START GIVEN MATERIAL

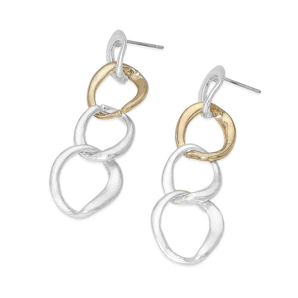 Details • Size : 0.6" X 2.1" • Post Back • Modern drop earrings designed with organically shaped linked elements for a sculptural, artistic look. Featuring fluid movement and a lightweight feel, these statement earrings add bold dimension and contemporary style, making them ideal for everyday wear, special occasions, and trend-focused accessory collections. • Lead and Nickel Compliant
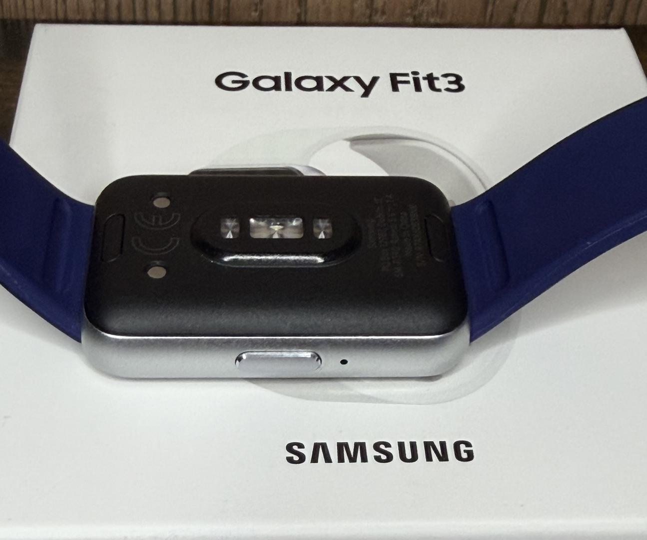 Galaxy Fit 3 in PRISTINE condition -- device has been kept in a protective case since purchase and has been seldom worn (please review pics as they're also part of the description). Comes with its original box, charger, three additional watch bands (black, Indigo (blue), and platinum), and four protective cases.
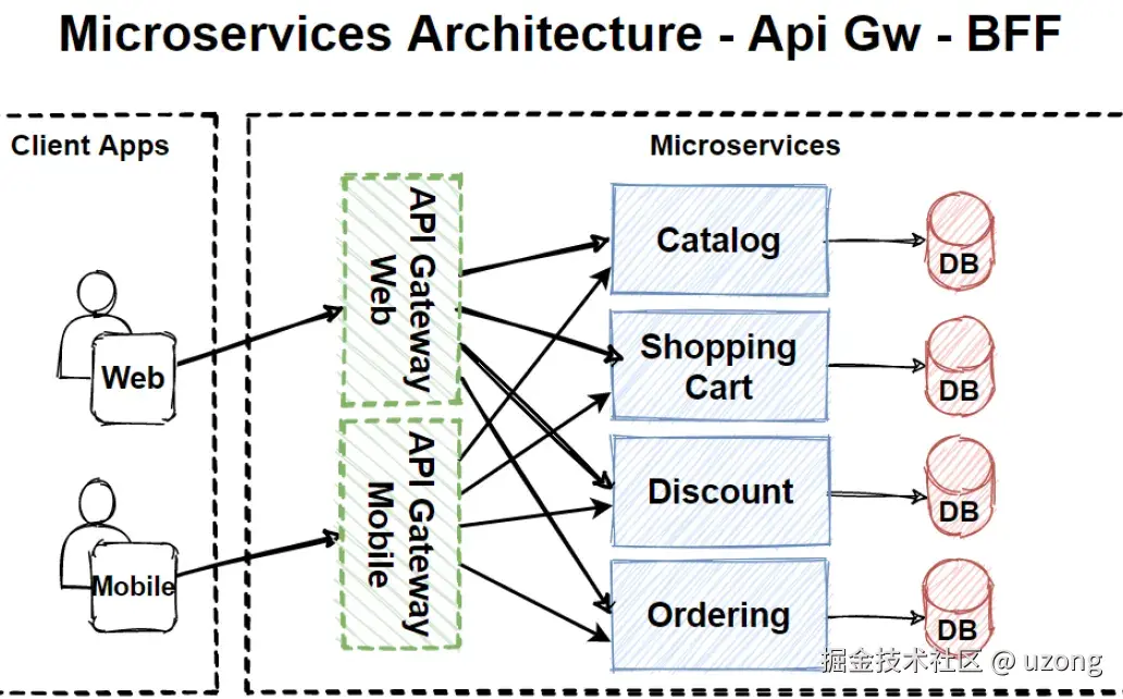 面向前端的后端(Backends for Frontends pattern BFF)模式可以根据特定的前端应用程序分离 API 网关。因此,我们拥有多个被前端应用程序消费的后端服务,而在它们之间,我们包含 API 网关来处理、路由和聚合操作。

END GIVEN MATERIAL

WHAT TO WORK ON ▸ Your copy of the data should match it exactly, apart from the images, which are omitted.

TASK OUTPUT ▸
 Details • Size : 0.6" X 2.1" • Post Back • Modern drop earrings designed with organically shaped linked elements for a sculptural, artistic look. Featuring fluid movement and a lightweight feel, these statement earrings add bold dimension and contemporary style, making them ideal for everyday wear, special occasions, and trend-focused accessory collections. • Lead and Nickel Compliant
 Galaxy Fit 3 in PRISTINE condition -- device has been kept in a protective case since purchase and has been seldom worn (please review pics as they're also part of the description). Comes with its original box, charger, three additional watch bands (black, Indigo (blue), and platinum), and four protective cases.
 面向前端的后端(Backends for Frontends pattern BFF)模式可以根据特定的前端应用程序分离 API 网关。因此,我们拥有多个被前端应用程序消费的后端服务,而在它们之间,我们包含 API 网关来处理、路由和聚合操作。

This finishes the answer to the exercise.